Each goat will eat about 3 percent of its body weight per day, Madsen said. The goats range from the size of an average dog to the size of a pony. Most will eat about four to six pounds per day in brush — the equivalent of 20 quarter-pound cheeseburgers.

There's no need to worry about the goats overeating wild vegetation, Madsen said. When they get full, they will lay down and rest. At home, Madsen feeds his goats hay and alfalfa while giving them free reign of the pasture.

Madsen will stay on the property 24 hours per day, supervising the goats' progress and ensuring they're safe from wildlife or people.

Stenberg said if things go well at the Mark Twain and Meredith Hill sites, the district is likely to hire Madsen to clear more campuses.

"This is really going to be a test run for us to see how well they're going to do," she said. "They may have more work from the district. There are a lot of blackberries and invasive weeds."

‘They're fun animals’

Madsen, a former range management specialist for the federal Natural Resource Conservation Service, said he got the idea to use goats for brush-clearing six years ago after hearing about a similar system in California.

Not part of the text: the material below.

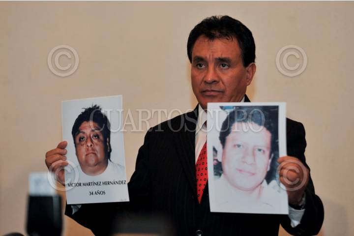 MÉXICO D.F. 30NOVIEMBRE2009.- Vicente Javier Mondragón Varela dio a conocer un carta envida a Marcelo Ebrad, jefe de Gobierno local, y a Miguel Ángel Mancera, procurador General de Justicia del Distrito Federal, donde agradece el trabajo de investigación y el de sacar de las calles a un grupo de secuestradores y asesinos, los cuales son responsables del secuestro y asesinato de su hijo; asimismo hizo mención del deceso de Alejandro González Ordóñez, alias “El Jaibo” el cual encabezaba este grupo delictivo.En la imagen muestra la foto de uno de los plagiarios y la de su hijo. FOTO: GUILLERMO PEREA/CUARTOSCURO.COM

Although the goats don't all have names, they do have numbers. Madsen said that he has a special attachment to the first few he bought, but it's tough to view all 270 as pets.

"They're fun animals. I don't know if I'd say I love them," he said. "I don't want to see them get hurt or anything. I try to take good care of them."

Madsen said he won't bring his goats out to clear any less than an acre-and-a-half. For folks who like the idea of purchasing a goat to do some yardwork, Madsen suggests getting two.

"Otherwise they're gonna follow you around," he said. "They don't like to be alone."

For people in rural areas, it's a good idea to have a dog to protect the goats from coyotes and other wildlife.

Goats can make good pets, Madsen added.

"They're pretty friendly. Goats are interesting. They do have more personality than sheep," he said. "They are very curious."

In Federal Way city limits, a person must have at least 70,000 square feet of property to lawfully own large domestic animals such as goats, said Becky Lemke, code compliance officer. A person with 70,000 square feet is allowed two large domestic animals. The law allows for one more large animal for each additional 35,000 square feet.

Before hiring a crew of goats to clear brush, it would be a good idea to check with the city, Lemke said.

Contact Margo Horner: mhorner@fedwaymirror.com or (253) 925-5565.

For more information about using goats for natural vegetation management, visit www.healinghooves.com

View the goats

Greg Madsen welcomes visitors to view the 270 goats at work. He asks that all dogs be kept on leashes.

The goats will be at Mark Twain Elementary, 2450 South Star Lake Road, early on Saturday. Later that day, the goats will move to Meredith Hill Elementary, 5830 South 300th Street, where they will remain through Monday. The exact time the goats transfer locations will depend on their progress.